Alfred Molina, who played Dr. Otto Octavius in Spider-Man 2 and provided the voice of Destiny in Justice League Dark, will join the voice cast of Harley Quinn as the DC Universe series enters its second season beginning this spring. Fans, who did not know what to expect from the series when it began, won't have to wait long to see its return, as we now know the animated series will be coming back a lot sooner than we anticipated, landing the first week in April. The Molina news came during an episode of the DC Universe talk show DC Daily, in which producers also revealed that Family Guy veteran Sanaa Lathan will play Catwoman on the series.
The April date more or less tracks with how DC Universe handled its other animated project, Young Justice, which returned for half-seasons that would bookend a live-action series. Executive producers Patrick Schumacker and Justin Halpern went on DC Nation to discuss the upcoming season, which included teasing some story ideas as well as announcing the new casting.

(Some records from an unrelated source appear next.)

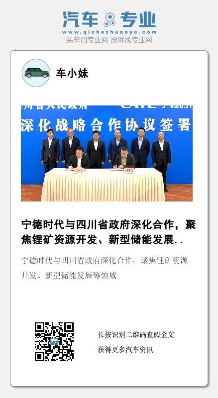 近日,四川省人民政府与宁德时代在成都签署全面深化战略合作协议。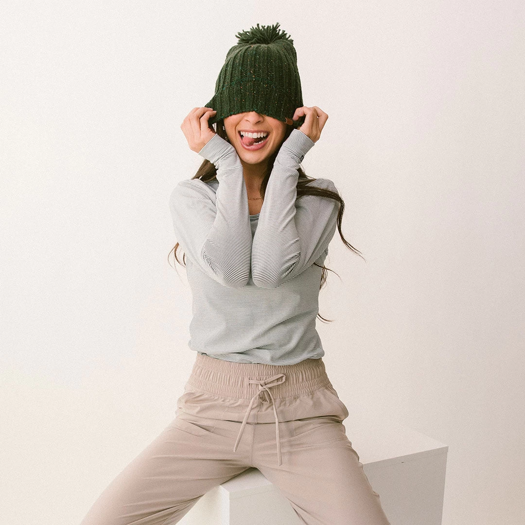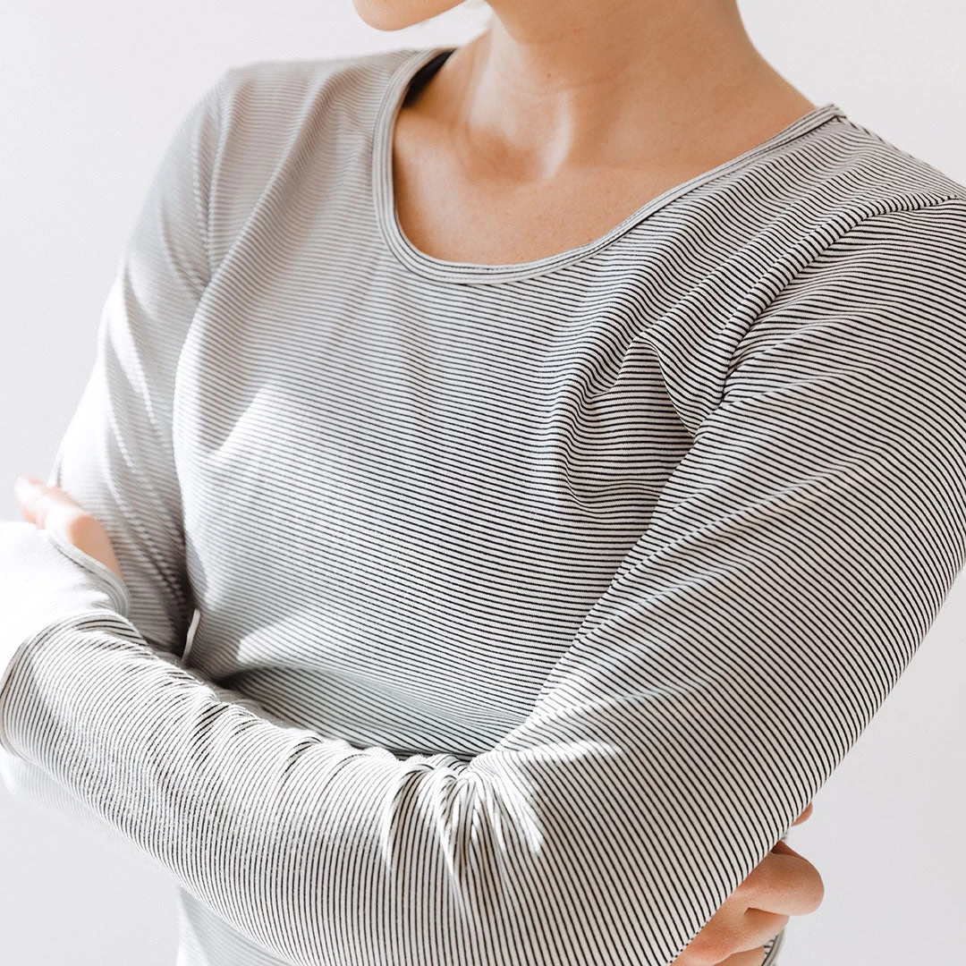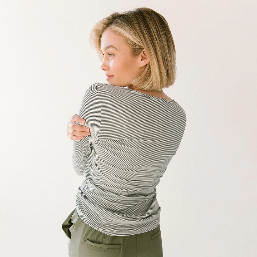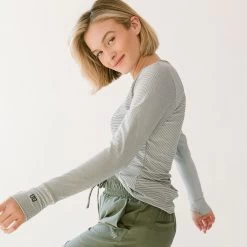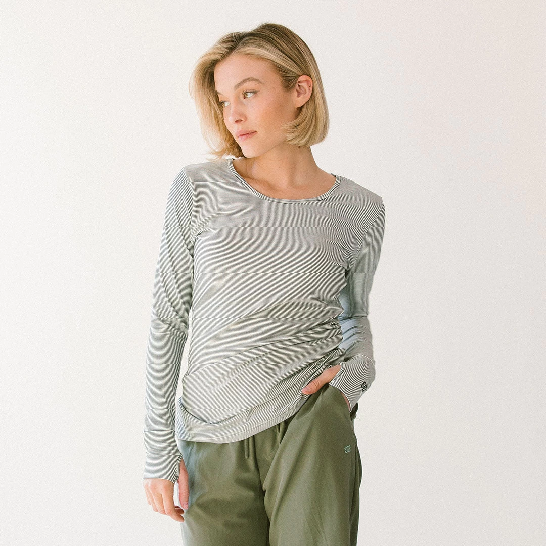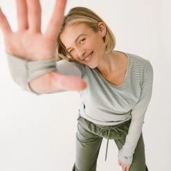 Sculpting, stretchy, and made in one of our signature prints: Sweet Stripe! We love this Go Long Crew’s comfortable stretch with cozy long sleeves and thumbholes. Layer this top with a jean jacket or style it with a jogger-style pant for a look you’ll love over and over!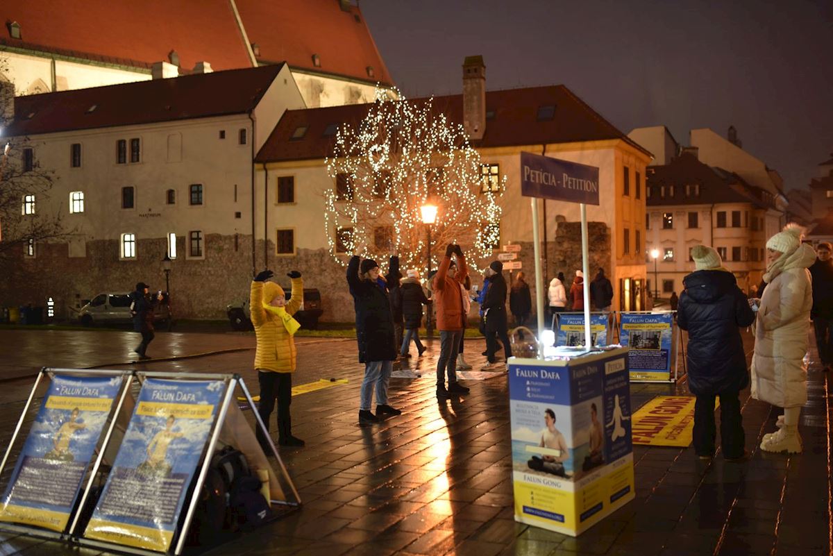 (Minghui.org) С 29 ноября по 21 декабря 2025 года практикующие Фалуньгун в Словакии проводили мероприятия по выходным дням в городах Нитре и Братиславе, чтобы рассказать общественности о нарушениях прав человека, связанных с преследованием Фалуньгун (Фалунь Дафа) в Китае.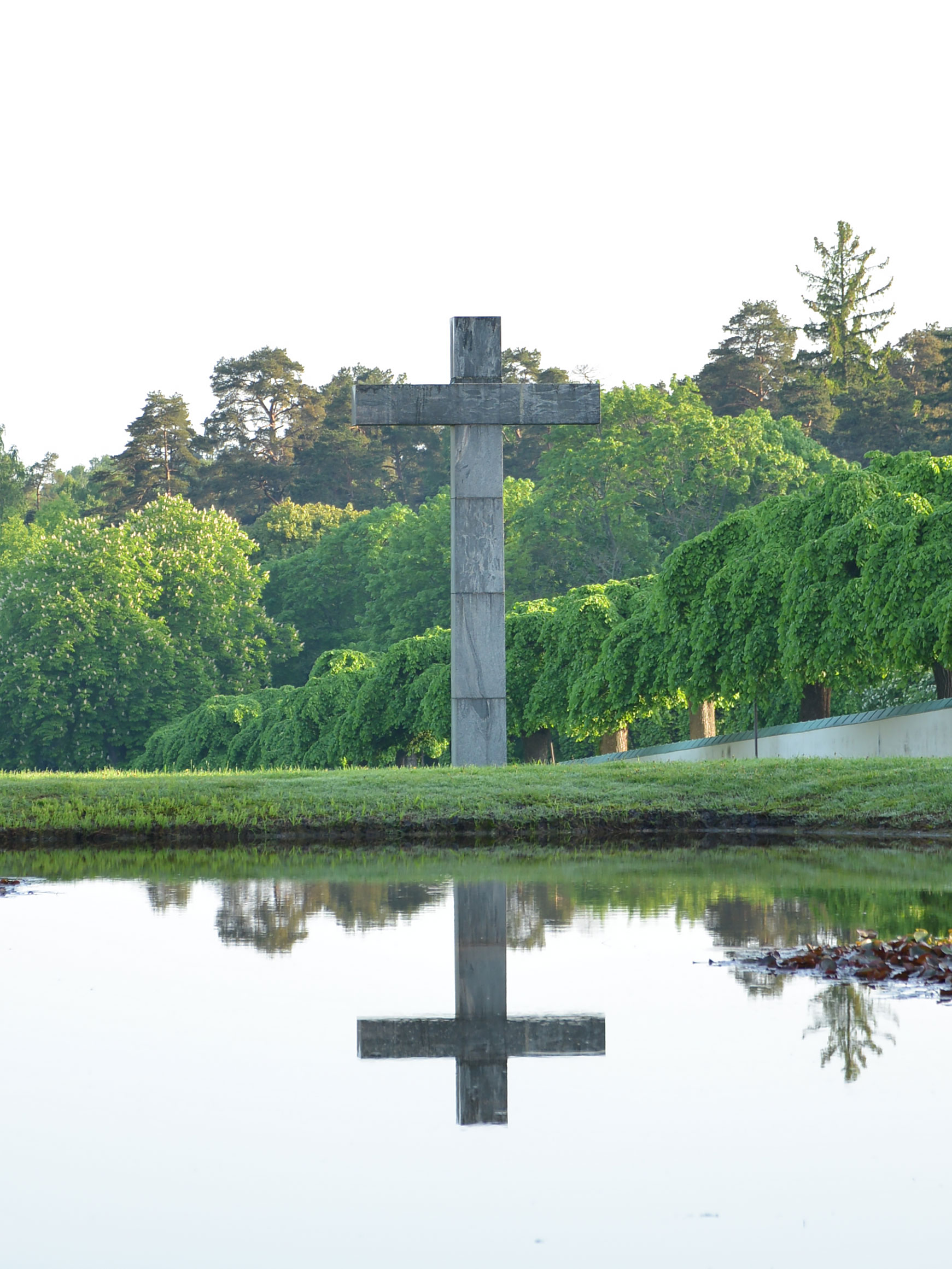 アスプルンドの十字架と、レーヴェレンツの冥想の丘のあいだには、ふたつを鏡のように映す小さな泉があります。花崗岩の十字架に触れた時の、ひんやりとした清らかな感触。冥想の丘に立ち、森を見渡した時の、静寂と神秘的な景観。不思議なのは、この墓地には、あたたかさが潜んでいるということ。生きた森につつまれているということ。自然と建築が美しく融け合い、あの泉のように、「生」から「死」、「死」から「生」を映し出しているのです。

In the show's second season, "Harley has a target on her back," Shchumacker explained. "The male supervillains from Batman's rogues gallery don't take too kindly to the ascendancy of the female super villain, and begin to conspire against her. I think that's about all we can say, but you will see a lot more villains from Gotham." He added that Catwoman will also be a recurring character, not just a one-and-done.

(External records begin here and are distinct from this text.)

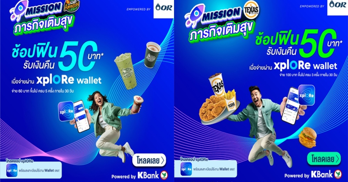 xplORe ชวนช้อปฟินไปกับ Mission ภารกิจเติมสุข รับเงินคืนสูงสุด 50 บาท เมื่อใช้จ่ายผ่าน xplORe wallet ที่ Café Amazon และ Texas Chicken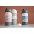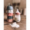 Модульна конструкція з чотирьох контейнерів дозволяє заздалегідь підготувати порції молочної суміші, каші або перекусів. Перший відсік оснащений зручним носиком і кришкою для акуратного пересипання, решта три герметично закручуються між собою.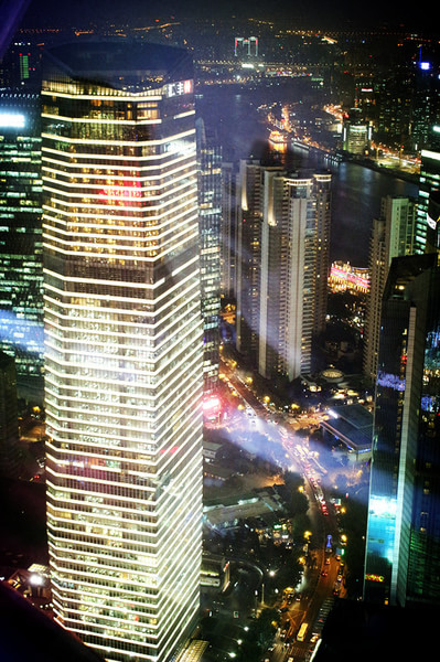 下了渡轮还要步行接近半个小时,感觉在上海生活的人真的要很能走啊,随随便便就是半个小时的路程,检票进入东方明珠后,还要排队乘坐电梯到达第二个球体,看着应该是五一十一用过的盘旋排队护栏,就能想象人多的时候有多可怕,等了大概20分钟吧,终于到我们了,上去的时候已经是夜晚了,一下就被这上海的黄浦江美景震撼了,曾经去过香港的维多利亚湾的我,也觉得这里更美。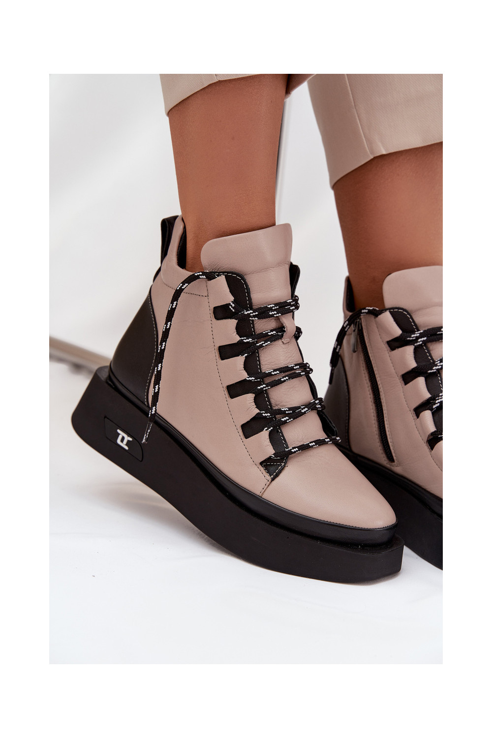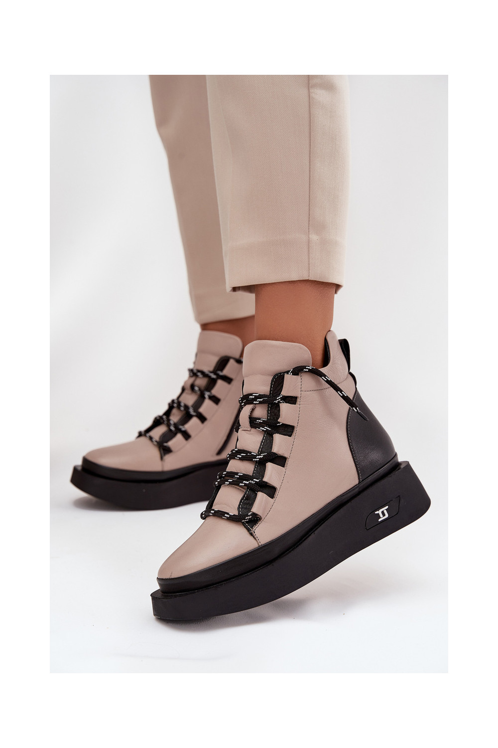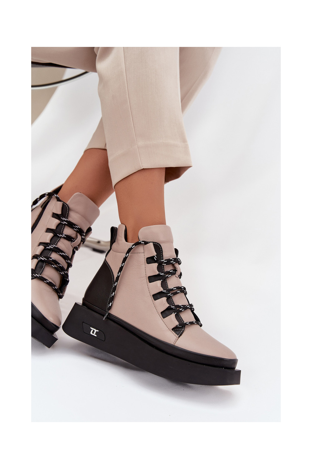 Nahast naiste saapad platvormiga, soojustatud, Artiker 55C0884 beeži värvi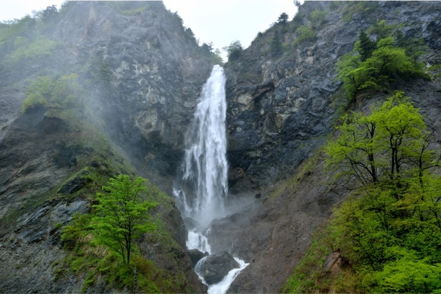 「ふくべの大滝」は、落差が86mもあり、時には水しぶきが道路をおおうこともあります。駐車場のすぐ近くに滝つぼがあり、水が断崖を流れ落ち、むき出しの岩に衝突するダイナミックな景色は圧巻です。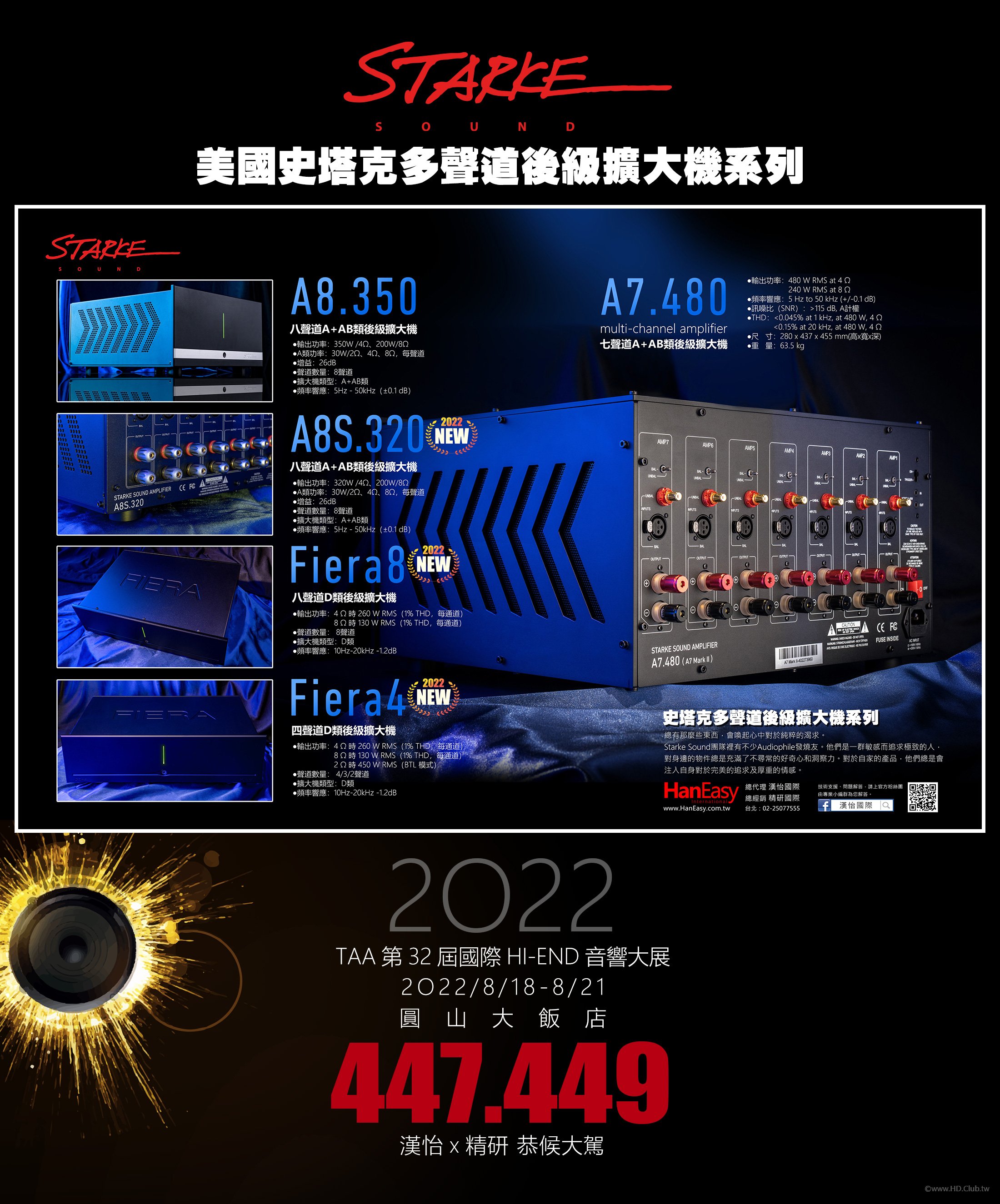 美國Starke 史塔克聲學最新力作Starke A8S.320 八聲道後級、Fiera 4 四聲道後級,也首度登台!

"We will dive into Harley's love life as well as Ivy's love life," Halpern added. "That will be a big part of the second season."

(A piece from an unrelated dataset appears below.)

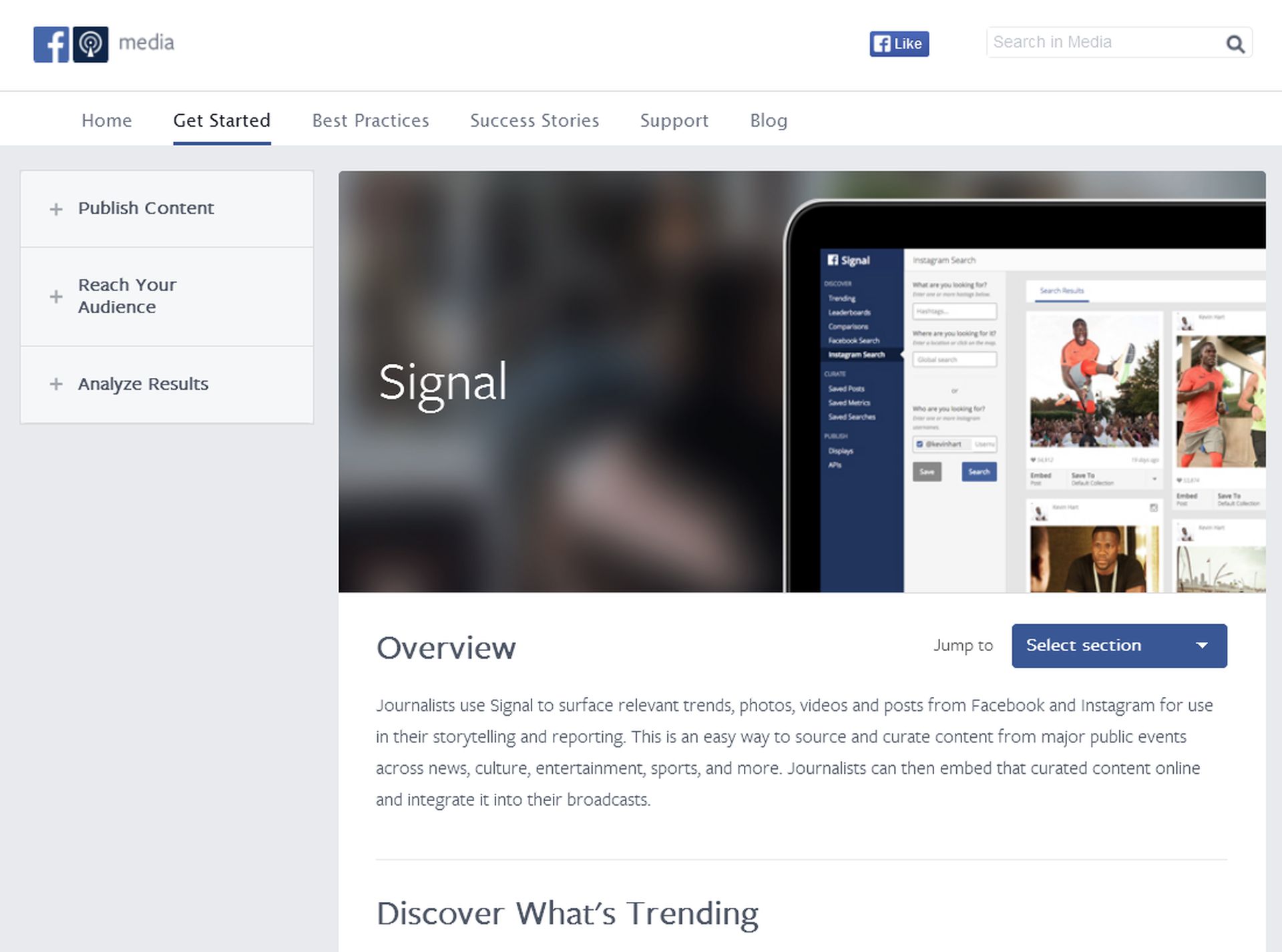 Facebook heeft Signal gelanceerd, een nieuwe desktop-app waarmee journalisten al het nieuws op Facebook en Instagram kunnen volgen. Signal toont in een overzicht welke onderwerpen op het moment trending zijn, en waar sinds kort veel over wordt gesproken.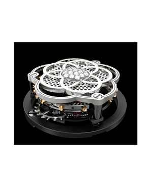 Questa la scheda di un automatico che vede alle sue spalle l’ingegno sbrigliato di Vincent Calabrese, napoletano “prestato alla Svizzera” che, dopo essere stato un indipendente, ha lavorato da Blancpain, tornando ad essere libero professionsta. Il bilanciere è al centro della gabbia la cui velocita di rotazione è controllata da un sistema esclusivo. I componenti sono 262, i rubini 36, il bilanciere è a vite e la spirale piatta, 21.600 le A/h. A ore 10 sotto l’ansa, premendo un pulsante, si regola la data (brevetto della Maison). Sul quadrante si vede la componentistica; alle 12 da una grande finestrella si ammira la gabbia del Carrousel che indica anche i secondi; alle 6 la riserva di carica (100 ore) con i segni <+> e <->; alle 9 la data indicata da una doppia lancetta. La cassa in platino ha un ø di mm 43,5 ed è in platino anche la fibbia deployante, la corona è personalizzata.

The role of Mister Freeze, which Molina will provide in the series, is one of the most tortured and relatable of Batman's villains -- something that Molina would likely compare to his take on Doc Ock.
"The great trick in Spider Man 2 was the inhibitor chip which he loses, so he loses all his inhibitions," the actor once told ComicBook.com. "He loses all sense of what's right and what's wrong, and he just focuses on what he needs to do. That larger than life thing grew out of a very real situation, and I think that's why it was so satisfying, for audiences, because Doc Ock didn't exist just as a cartoonish character. He didn't suddenly just turn up with all the arms and start killing people and wreaking havoc. He grew into it, as it were, and we see the development. We were witnesses to his destiny, which kind of, I think, is what audiences really locked onto."